§ Recorded information
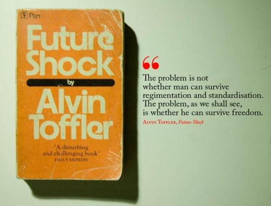 1970年,托夫勒的著作《未来的冲击》问世,这本讨论美国未来政治和社会制度的鸿篇巨制,在国际间引起强烈反响,被译成50多种文字,畅销700万册,为英语世界创造了一个流行的新词“Futureshock(未来的冲击)”。据国际科学情报研究所统计表明,它是社会科学文献中被引用最多的著作之一,直到今天还不断出现在报纸杂志的大标题中。
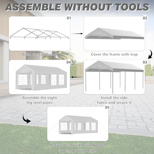 💨 【Robust und wetterfest – auch bei Wind & Regen stabil】Der Rahmen aus verzinktem Stahl mit 37 mm Durchmesser sorgt für hohe Stabilität und Korrosionsschutz. Tiefgreifende Bodenverankerung und Spannseile bieten sicheren Halt – selbst bei starkem Wind. Ideal für den ganzjährigen Einsatz im Freien.
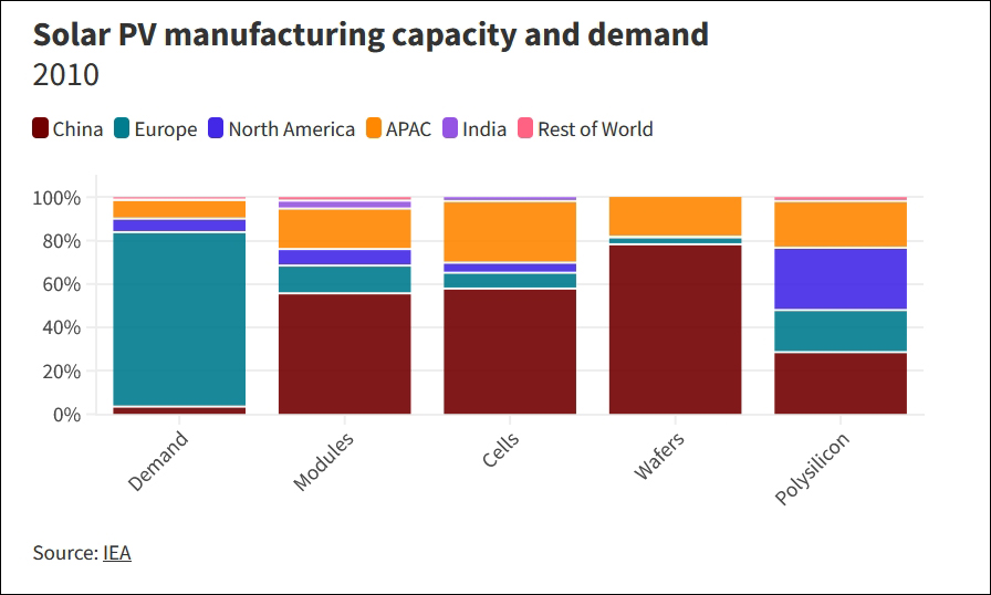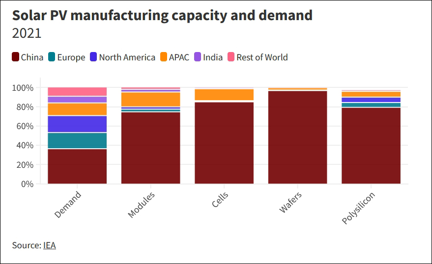 太陽能光伏產業各環節產能與需求,紅色為中國 圖片來源:“外交學者”網站
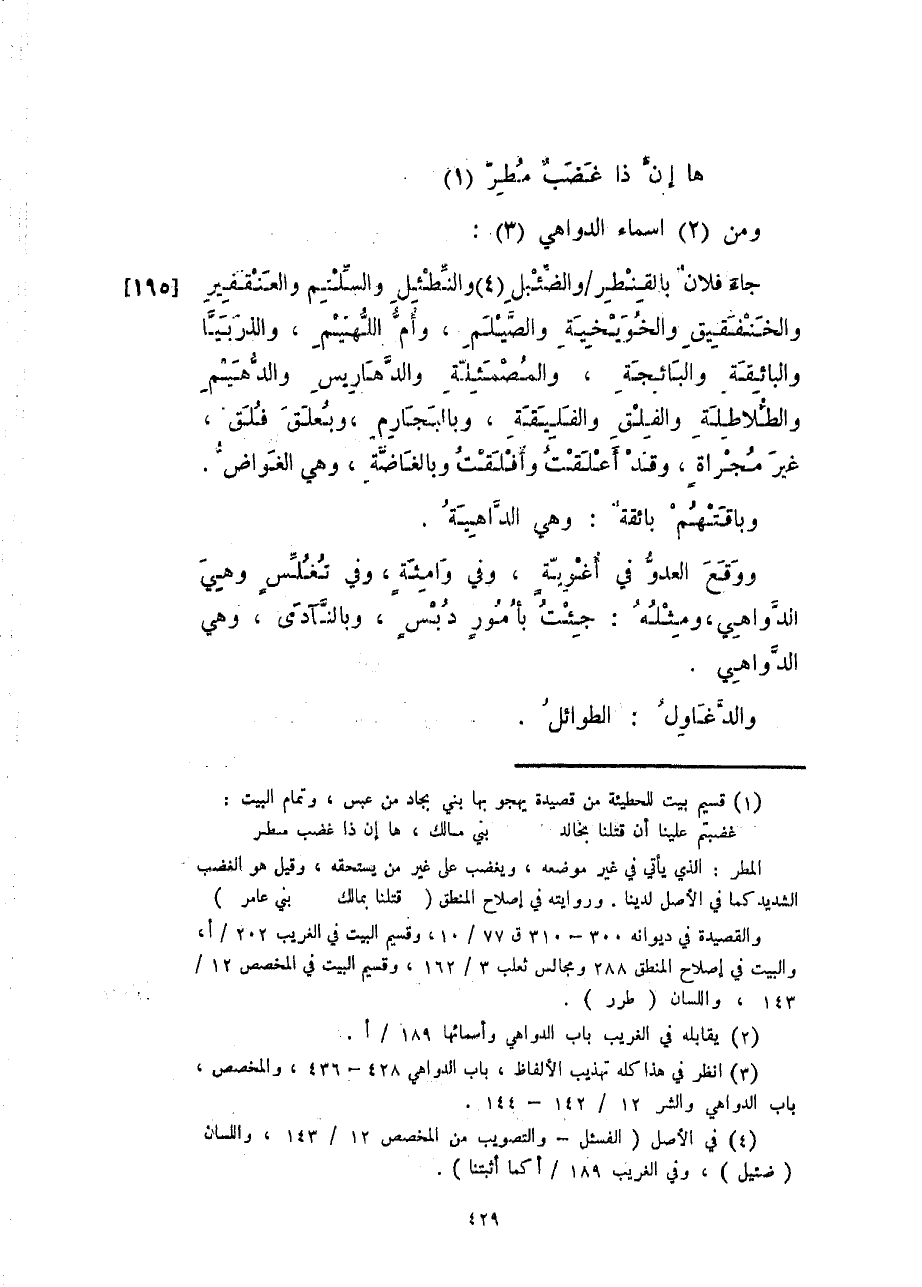 جاء فلانٌ بالقنطروالضئبل والنطئل والسلتم والعنقفير والخنفقيق والخويخية والصّيلم، وأمّ اللهيم، والذربيا والبائقة والبائجة، والمصمئلة والدهاريس والدّهيم والطّلاطلة والفلق والفليقة، وبالبجارم، وبعلق فلق، غير مجراةٍ، وقد أعلقت وأفلقت وبالغاضّة، وهي الغواضّ.

§ Instructions to follow
From the material above, copy everything exactly but the pictures.

§ Answer for this exercise
 1970年,托夫勒的著作《未来的冲击》问世,这本讨论美国未来政治和社会制度的鸿篇巨制,在国际间引起强烈反响,被译成50多种文字,畅销700万册,为英语世界创造了一个流行的新词“Futureshock(未来的冲击)”。据国际科学情报研究所统计表明,它是社会科学文献中被引用最多的著作之一,直到今天还不断出现在报纸杂志的大标题中。
 💨 【Robust und wetterfest – auch bei Wind & Regen stabil】Der Rahmen aus verzinktem Stahl mit 37 mm Durchmesser sorgt für hohe Stabilität und Korrosionsschutz. Tiefgreifende Bodenverankerung und Spannseile bieten sicheren Halt – selbst bei starkem Wind. Ideal für den ganzjährigen Einsatz im Freien.
 太陽能光伏產業各環節產能與需求,紅色為中國 圖片來源:“外交學者”網站
 جاء فلانٌ بالقنطروالضئبل والنطئل والسلتم والعنقفير والخنفقيق والخويخية والصّيلم، وأمّ اللهيم، والذربيا والبائقة والبائجة، والمصمئلة والدهاريس والدّهيم والطّلاطلة والفلق والفليقة، وبالبجارم، وبعلق فلق، غير مجراةٍ، وقد أعلقت وأفلقت وبالغاضّة، وهي الغواضّ.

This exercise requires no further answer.